Chapter 3

CAIDEN

Sometimes I thought about the blood, the pattern it made on my hands. Not just that day in the Colorado woods but all the years before. The smell of it. The sound.

You never really forget those things, no matter how many miles you run. You just get better at pretending you don’t want them.

The truth was, I’d killed a man. Squeezed the life out of him in that rotting wilderness, every bone in my body screaming with purpose. Not for justice or survival or any of the other pretty words therapists liked to throw around.

No, I did it because I wanted to. Because I was fucking good at it. Because, for one perfect second, the world had made sense: him or me. And I was never going to be the one in the dirt.

And maybe I should have felt guilty. Should have choked on the horror, the guilt, the shit that kept normal people up at night. But there was something else in me, something black and endless, and it wanted more.

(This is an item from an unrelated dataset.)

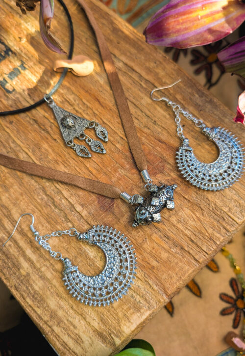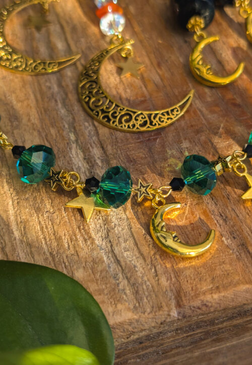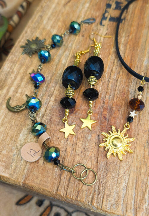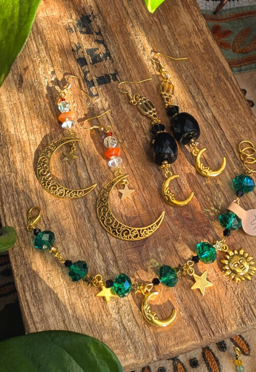 Bronze & Black Crystal Mismatch Sun & Moon Earrings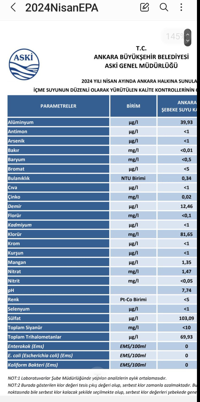 Prof.Dr.TİSKİ’ye yaptığımız uyarının ardından kimsenin kafasını karıştırmayın suyumuz çok temizdir açıklamaları çok düşündürüçüdür oysaki( ABB )Ankara Büyükşehir belediyesi aynı element içeriklerini aylık olarak yayınlamaktadır TİSKİ halka güven vermediği için damacana suyu tek alternatif çözümdür dedi ve ABB’nin aylık yayınladığı raporu örnek gösterdi.

It remembered the look on Amelia’s face when she saw what I could do. It remembered her voice—ragged, nearly gone—calling my name while the blood pooled out of Blake’s neck and onto the warped wooden floor.

Even now, I saw her the way she looked in the cage, small and brittle, hunched around herself, eyes wide with fear. Waiting. Always waiting. For what? For me to save her? Or maybe for me to finish what someone else started.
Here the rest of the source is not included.